Task brief.
Using the records that follow, copy every line containing the word "featuring".

Entries taken from a collection
--- --- ---

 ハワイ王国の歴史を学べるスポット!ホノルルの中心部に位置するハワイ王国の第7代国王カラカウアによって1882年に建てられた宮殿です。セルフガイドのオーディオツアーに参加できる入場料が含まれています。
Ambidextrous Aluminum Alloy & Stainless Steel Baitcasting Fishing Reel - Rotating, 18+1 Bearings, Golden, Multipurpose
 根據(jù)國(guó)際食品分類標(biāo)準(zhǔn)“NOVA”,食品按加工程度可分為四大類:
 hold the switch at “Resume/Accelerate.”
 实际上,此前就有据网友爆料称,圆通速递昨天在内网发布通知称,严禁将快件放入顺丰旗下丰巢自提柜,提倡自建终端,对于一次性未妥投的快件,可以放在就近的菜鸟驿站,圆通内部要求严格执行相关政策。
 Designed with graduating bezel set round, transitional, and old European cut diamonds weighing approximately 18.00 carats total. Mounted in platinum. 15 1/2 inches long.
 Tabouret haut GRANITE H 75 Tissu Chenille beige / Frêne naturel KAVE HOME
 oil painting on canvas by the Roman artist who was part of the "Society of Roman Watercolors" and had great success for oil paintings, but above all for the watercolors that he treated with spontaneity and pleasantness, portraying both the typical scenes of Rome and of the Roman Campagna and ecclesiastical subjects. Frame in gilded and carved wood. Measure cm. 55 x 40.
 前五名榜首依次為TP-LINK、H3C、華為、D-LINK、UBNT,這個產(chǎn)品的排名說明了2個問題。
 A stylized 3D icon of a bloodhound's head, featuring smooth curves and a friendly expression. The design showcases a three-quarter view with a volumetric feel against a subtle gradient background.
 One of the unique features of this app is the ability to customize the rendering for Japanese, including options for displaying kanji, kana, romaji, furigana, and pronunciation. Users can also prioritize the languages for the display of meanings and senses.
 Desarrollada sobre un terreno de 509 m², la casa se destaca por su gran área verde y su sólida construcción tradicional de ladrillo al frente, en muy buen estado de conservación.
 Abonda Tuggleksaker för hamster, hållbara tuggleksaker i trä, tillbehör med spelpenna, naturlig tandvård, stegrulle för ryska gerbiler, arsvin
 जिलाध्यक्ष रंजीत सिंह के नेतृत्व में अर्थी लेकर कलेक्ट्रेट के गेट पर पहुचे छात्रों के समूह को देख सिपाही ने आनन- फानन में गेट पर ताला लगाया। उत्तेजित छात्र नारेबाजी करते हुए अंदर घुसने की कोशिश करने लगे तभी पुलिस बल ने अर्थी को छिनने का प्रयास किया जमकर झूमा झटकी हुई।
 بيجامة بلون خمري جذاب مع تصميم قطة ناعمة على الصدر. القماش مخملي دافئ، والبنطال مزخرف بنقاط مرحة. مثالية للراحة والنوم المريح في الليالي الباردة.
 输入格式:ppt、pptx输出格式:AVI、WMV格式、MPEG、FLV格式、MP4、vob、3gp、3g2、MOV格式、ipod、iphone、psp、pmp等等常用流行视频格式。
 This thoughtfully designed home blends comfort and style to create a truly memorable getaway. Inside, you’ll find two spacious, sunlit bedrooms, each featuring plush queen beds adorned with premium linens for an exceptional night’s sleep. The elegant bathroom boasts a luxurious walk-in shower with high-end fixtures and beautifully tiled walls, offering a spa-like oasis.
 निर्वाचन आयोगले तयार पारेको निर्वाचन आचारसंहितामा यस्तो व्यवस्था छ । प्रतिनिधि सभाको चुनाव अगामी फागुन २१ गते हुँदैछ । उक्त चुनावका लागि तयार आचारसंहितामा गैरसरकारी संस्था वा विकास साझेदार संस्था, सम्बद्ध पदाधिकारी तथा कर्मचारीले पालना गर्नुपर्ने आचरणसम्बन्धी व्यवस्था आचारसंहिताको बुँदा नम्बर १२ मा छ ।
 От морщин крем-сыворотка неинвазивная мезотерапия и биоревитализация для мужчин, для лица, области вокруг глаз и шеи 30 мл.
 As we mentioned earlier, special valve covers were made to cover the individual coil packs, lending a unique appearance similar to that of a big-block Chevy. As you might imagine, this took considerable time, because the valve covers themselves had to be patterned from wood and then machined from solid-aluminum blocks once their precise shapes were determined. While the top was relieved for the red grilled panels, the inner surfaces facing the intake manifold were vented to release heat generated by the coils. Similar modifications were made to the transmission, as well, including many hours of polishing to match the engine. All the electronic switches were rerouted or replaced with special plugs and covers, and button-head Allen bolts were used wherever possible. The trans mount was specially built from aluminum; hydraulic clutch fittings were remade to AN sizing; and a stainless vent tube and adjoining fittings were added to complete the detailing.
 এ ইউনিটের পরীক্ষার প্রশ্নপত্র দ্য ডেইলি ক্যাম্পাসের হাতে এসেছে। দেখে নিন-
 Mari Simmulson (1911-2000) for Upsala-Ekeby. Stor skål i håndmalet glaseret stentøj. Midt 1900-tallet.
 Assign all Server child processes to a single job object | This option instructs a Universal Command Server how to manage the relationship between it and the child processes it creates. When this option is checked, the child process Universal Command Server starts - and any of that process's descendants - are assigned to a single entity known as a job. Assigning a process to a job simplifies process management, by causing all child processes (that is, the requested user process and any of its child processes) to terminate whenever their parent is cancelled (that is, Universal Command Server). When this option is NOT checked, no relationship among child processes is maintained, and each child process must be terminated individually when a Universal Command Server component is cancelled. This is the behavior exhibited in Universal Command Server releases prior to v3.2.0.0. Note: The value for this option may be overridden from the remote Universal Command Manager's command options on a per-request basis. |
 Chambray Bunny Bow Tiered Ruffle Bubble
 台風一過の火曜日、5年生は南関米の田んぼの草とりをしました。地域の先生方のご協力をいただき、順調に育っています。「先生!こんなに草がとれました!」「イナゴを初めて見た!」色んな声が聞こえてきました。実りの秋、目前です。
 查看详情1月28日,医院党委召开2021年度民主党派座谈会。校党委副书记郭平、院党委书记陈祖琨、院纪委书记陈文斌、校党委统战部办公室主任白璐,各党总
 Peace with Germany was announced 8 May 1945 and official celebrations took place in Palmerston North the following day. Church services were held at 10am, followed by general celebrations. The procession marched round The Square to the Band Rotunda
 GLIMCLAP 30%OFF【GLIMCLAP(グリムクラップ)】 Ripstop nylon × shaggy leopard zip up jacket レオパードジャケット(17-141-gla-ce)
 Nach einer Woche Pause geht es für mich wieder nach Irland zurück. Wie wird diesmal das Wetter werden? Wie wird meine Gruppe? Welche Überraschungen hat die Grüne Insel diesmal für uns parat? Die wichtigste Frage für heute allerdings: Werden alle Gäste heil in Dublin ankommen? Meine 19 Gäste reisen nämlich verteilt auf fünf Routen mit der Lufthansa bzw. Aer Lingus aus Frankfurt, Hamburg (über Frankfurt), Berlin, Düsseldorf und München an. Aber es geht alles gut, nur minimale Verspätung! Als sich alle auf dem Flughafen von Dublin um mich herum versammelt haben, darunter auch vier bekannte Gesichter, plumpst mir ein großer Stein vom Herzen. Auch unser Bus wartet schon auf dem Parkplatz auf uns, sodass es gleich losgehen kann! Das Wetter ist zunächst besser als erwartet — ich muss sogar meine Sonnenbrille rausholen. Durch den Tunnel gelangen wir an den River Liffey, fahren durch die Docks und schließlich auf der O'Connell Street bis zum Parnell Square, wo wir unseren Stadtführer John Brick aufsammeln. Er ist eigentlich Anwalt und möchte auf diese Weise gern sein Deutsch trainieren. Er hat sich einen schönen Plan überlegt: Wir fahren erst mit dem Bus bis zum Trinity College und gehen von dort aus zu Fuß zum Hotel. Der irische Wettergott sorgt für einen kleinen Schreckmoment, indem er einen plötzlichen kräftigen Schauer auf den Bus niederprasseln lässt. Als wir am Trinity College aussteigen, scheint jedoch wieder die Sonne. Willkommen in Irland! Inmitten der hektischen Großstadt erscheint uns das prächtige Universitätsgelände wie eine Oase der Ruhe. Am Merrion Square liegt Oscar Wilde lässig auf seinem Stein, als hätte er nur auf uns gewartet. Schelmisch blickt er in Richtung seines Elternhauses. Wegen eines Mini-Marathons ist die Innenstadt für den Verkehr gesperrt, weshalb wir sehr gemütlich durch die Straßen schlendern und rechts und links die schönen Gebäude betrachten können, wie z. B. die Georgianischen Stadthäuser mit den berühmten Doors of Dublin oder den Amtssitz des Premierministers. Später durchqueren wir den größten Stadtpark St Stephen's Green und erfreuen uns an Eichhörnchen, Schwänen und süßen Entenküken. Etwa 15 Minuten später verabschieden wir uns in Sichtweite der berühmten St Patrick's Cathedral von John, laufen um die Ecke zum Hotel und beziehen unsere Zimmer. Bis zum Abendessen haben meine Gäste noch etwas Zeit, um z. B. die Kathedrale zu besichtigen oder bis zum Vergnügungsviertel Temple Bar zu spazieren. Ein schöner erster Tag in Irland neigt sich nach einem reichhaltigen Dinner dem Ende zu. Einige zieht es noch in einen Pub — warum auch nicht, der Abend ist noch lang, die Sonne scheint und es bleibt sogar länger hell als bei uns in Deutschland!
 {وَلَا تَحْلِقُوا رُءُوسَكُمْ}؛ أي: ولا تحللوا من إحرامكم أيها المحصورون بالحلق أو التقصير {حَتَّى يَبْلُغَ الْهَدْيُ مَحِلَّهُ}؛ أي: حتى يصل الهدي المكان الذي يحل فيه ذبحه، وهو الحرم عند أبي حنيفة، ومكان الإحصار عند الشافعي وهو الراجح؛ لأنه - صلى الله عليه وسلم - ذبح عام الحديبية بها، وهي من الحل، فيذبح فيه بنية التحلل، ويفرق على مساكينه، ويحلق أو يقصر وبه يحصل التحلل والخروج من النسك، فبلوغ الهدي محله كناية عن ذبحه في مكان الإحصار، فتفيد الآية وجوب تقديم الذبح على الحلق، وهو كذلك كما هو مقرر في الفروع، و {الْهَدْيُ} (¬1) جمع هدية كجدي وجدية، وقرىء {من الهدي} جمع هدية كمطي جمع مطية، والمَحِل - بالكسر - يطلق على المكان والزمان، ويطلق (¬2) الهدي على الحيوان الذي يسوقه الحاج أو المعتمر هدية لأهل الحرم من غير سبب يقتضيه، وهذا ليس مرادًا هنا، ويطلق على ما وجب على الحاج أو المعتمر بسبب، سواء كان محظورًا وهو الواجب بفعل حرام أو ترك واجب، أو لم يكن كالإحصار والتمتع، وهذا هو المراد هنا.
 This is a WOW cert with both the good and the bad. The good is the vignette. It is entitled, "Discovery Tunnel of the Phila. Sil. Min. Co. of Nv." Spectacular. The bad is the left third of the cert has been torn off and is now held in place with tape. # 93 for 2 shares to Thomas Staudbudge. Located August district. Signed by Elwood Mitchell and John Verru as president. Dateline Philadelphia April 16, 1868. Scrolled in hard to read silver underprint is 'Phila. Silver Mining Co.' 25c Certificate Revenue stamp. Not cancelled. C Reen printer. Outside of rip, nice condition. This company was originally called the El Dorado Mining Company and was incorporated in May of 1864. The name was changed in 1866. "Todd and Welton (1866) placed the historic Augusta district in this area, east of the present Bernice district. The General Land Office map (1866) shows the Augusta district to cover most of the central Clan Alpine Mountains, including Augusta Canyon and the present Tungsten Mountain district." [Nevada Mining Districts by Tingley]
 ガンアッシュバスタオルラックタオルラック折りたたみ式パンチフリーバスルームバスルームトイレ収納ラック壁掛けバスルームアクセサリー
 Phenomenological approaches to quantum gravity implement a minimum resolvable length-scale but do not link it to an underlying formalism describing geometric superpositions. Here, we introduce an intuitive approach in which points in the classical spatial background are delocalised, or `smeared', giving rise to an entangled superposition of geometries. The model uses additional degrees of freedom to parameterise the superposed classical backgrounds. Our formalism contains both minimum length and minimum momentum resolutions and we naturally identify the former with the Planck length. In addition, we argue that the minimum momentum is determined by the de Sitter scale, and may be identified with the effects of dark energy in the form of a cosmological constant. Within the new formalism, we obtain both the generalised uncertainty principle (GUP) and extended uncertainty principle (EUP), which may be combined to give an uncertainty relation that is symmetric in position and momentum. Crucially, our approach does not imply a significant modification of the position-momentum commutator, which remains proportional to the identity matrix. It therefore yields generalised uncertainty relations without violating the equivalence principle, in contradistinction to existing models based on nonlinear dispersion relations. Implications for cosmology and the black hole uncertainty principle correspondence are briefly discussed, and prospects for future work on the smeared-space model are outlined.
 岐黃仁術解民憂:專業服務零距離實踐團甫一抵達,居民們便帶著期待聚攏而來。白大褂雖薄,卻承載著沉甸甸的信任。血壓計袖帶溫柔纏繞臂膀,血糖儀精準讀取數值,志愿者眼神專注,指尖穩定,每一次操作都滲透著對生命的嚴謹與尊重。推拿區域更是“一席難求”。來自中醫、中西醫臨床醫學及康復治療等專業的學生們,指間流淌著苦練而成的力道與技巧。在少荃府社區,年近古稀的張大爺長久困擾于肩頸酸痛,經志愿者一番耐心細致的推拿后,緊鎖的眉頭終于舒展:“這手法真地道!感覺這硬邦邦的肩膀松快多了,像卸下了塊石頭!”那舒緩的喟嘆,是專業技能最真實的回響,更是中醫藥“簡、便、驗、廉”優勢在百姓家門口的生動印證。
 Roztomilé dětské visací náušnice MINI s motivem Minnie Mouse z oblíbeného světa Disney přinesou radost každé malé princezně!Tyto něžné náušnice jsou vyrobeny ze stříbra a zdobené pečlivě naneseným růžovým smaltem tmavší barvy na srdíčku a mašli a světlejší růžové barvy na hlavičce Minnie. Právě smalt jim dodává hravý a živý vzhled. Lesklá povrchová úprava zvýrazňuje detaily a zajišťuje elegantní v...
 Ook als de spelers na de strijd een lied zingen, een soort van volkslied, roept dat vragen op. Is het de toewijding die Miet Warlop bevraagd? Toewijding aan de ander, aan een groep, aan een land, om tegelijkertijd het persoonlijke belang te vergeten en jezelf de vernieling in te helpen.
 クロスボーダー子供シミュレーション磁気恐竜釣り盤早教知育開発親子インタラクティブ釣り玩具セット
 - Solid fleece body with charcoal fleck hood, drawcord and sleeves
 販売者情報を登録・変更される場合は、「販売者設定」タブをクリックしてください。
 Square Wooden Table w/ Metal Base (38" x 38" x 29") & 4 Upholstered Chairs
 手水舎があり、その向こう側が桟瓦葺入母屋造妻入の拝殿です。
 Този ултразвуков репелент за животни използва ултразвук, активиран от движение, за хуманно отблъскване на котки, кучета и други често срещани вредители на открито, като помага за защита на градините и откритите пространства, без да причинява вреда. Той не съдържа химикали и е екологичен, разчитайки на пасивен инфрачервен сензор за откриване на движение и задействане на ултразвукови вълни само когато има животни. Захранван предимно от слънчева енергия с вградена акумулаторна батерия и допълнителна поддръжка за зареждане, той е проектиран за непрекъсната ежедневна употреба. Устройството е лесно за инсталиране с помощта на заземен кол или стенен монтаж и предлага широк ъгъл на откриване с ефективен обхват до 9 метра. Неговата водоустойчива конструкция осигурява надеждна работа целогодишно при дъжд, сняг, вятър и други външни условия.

--- --- ---

Output of the task.
 A stylized 3D icon of a bloodhound's head, featuring smooth curves and a friendly expression. The design showcases a three-quarter view with a volumetric feel against a subtle gradient background.
 This thoughtfully designed home blends comfort and style to create a truly memorable getaway. Inside, you’ll find two spacious, sunlit bedrooms, each featuring plush queen beds adorned with premium linens for an exceptional night’s sleep. The elegant bathroom boasts a luxurious walk-in shower with high-end fixtures and beautifully tiled walls, offering a spa-like oasis.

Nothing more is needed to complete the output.